Because nearly every business is using big data to power their decision making and business processes, the demand for data scientists is growing rapidly. According to GetEducated.com, “the number of data scientists doubled over the last four years, and some even quote the growth at 300%” Companies understand how valuable customer data is, and are leveraging data scientists to maximize that data’s value. We think it is each data scientist’s responsibility to do their job with their company’s goals in mind, but with respect for the individual user’s privacy.
Data Scientists and Privacy
Data scientists obviously need data to study, but they should also make user privacy a priority to protect their customers from data breaches and other security threats.
“Privacy is a data management problem with a business process wrapped around it, which culminates in a data governance strategy for an organization.” –Data Privacy & Data Science: The Next Generation of Data Experimentation
If personally identifiable information is not absolutely necessary for understanding a given data point, a good data scientist should remove that information from the company’s database. It’s risky for an organization to store people’s information in a database in plain-text, especially if that information includes personal information like people’s names or financial information.
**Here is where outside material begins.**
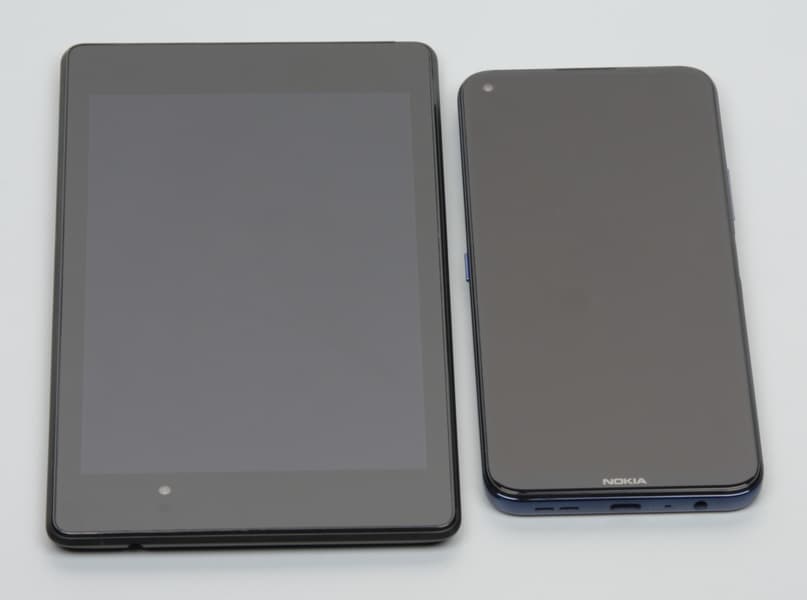 Лицевая поверхность экрана выполнена в виде стеклянной пластины с зеркально-гладкой поверхностью, устойчивой к появлению царапин. Судя по отражению объектов, антибликовые свойства экрана лучше, чем у экрана Google Nexus 7 (2013) (далее просто Nexus 7). Для наглядности приведем фотографию, на которой в выключенных экранах отражается белая поверхность (слева — Nexus 7, справа — Nokia 8.3 5G, далее их можно различать по размеру):

Obfuscate Personal Information: Obfuscation is like ‘disguising’ the data in a database. Rather than seeing an email address as ‘user@example.com’, in obfuscated form it may appear as ‘XXXX@example.com’. Obfuscating data helps to protect individual user privacy, while still giving data scientists the capability to analyze the data. Databases can be configured to give certain users access to only obfuscated or masked data, while giving administrators access to the raw or real data.
Read More: What is Obfuscation? – Hackernoon
If a company uses SQL Server or Azure SQL DB, these both have a built-in feature that limits access to sensitive data field: Dynamic Data Masking (DDM). DDM allows users to define particular columns and then determine how the data in those columns appears when queried. This doesn’t actually change the data in the database, but can give an output that is still useful, but without key personal details.
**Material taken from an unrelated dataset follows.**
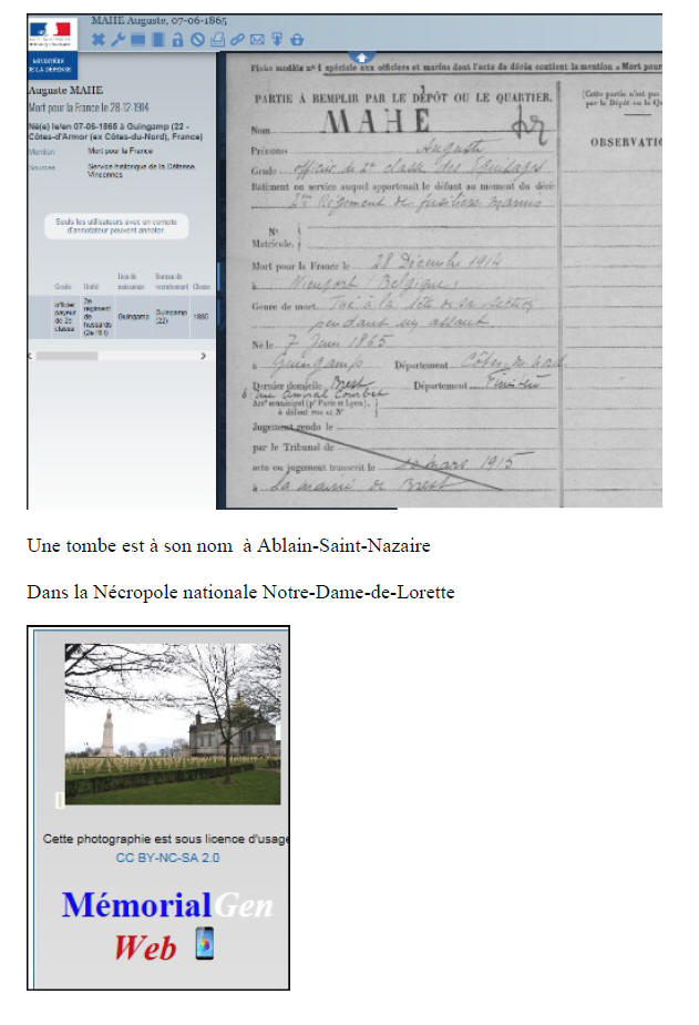 (Côtes-d'Armor) - Tué le 28 décembre 1914 à SAINT-GEORGES, NIEUPORT

What Do Data Scientists Do?
Data Scientists comb through large amounts of data and discover valuable conclusions to help companies make smarter business decisions. They also play a role in optimizing the data mining techniques that companies use to get information about customers and business processes.
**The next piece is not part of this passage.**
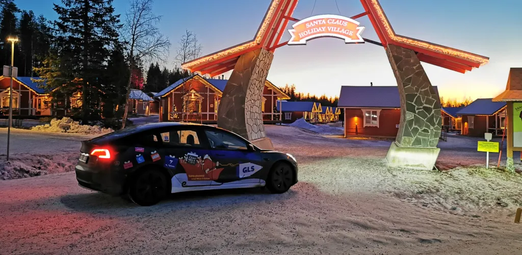 După 6 zile de condus, minim 8 ore pe zi, după peste 4000 de km, după 6 cazări diferite, după 18 opriri la stații de încărcare și o călătorie cu ferryboatul, ne-am văzut ajunși la intrarea în satul lui Moș Crăciun.

Specific tasks for Data Scientists include:
- Identifying the data-analytics problems that offer the greatest opportunities to the organization
- Determining the correct data sets and variables
- Collecting large sets of structured and unstructured data from different sources
- Cleaning and validating the data to ensure accuracy, completeness, and uniformity
- Devising and applying models and algorithms to mine the stores of big data
- Analyzing the data to identify patterns and trends
- Interpreting the data to discover solutions and opportunities
- Communicating findings to stakeholders using visualization and other means
The Beauty of Data Visualization – David McCandless
Data scientists report their findings in a simple and easy-to-understand format. Privacy comes into play here as well. If reporting includes personally identifying information of any individual users, that is not privacy-friendly because it gives access to anyone viewing the presentation. Data scientists must navigate the best ways to present their findings without compromising user privacy.